Simon could see from the hangman’s bloodshot eyes that the bottle was almost empty. Jakob Kuisl was leaning farther and farther over on his stool. A whole bottle of brandy apparently was a little too much even for a big, broad-shouldered man six feet tall.

“You’ll need some medicine,” Simon sighed, “or you won’t have a clear head tomorrow.”

“Don’t need no medicine from you goddamned quacks. I’ll make my own.”

Simon shook his head. “This medicine is something only I have.” He stood up and walked over to the living room, where Anna Maria was still sitting at a table mending the rip in the Simon’s jacket.

“Make a strong cup of coffee for your husband,” Simon said. “But don’t skimp on the beans. It’ll only work if it’s strong enough for the spoon to stand up in the cup without falling over.”

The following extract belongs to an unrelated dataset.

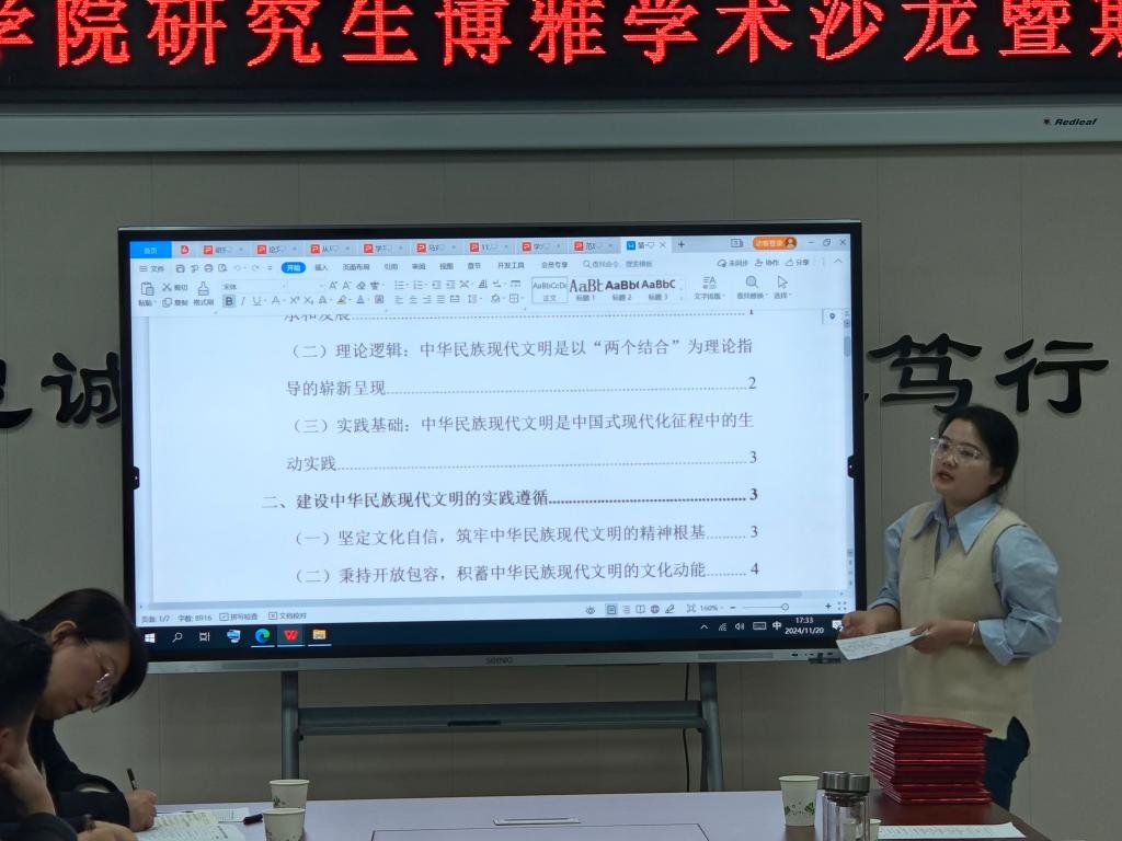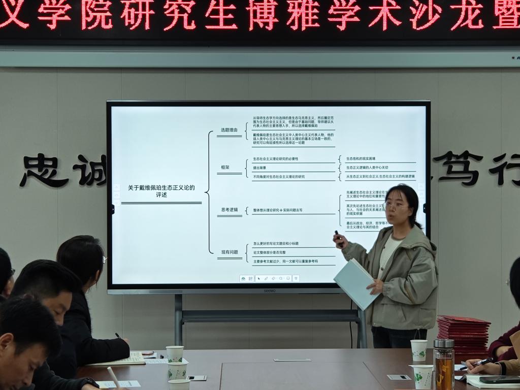 学术沙龙环节,硕士研究生李佳欣、王怡彤、陈任思遹、范思静、周艳、刘诗婷、杨淼、杨佳鑫、李长宇、张根豪、刘昊、胡晓玲依次上台就论文成果作学术汇报。硕士生导师代表韩静、米文科、王红梅在认真聆听同学们的汇报后,逐一进行了细致点评,高度肯定了同学们汇报的选题新颖性、准备充分度以及表述清晰化等方面优势,同时也指出了研究中存在的一些问题,如问题意识不够强烈、创新效果不够显著、学理性分析有待加强等。这些中肯的点评和建议为同学们今后的学术研究指明了方向,也激发了他们更加深入地思考和探索的热情。最后,导师代表向汇报同学颁发了荣誉证书。

Magdalena awoke to a monotonous humming sound that grew louder and louder until she thought her head would split. Her headache was even worse than the last time she woke up. Her lips were so rough and dry that when she passed the tip of her tongue over them, they felt like the bark of a tree. She opened her eyes, blinded at first by bursts of light, but after a while the flashing stopped, things came into focus—and what she saw was paradise!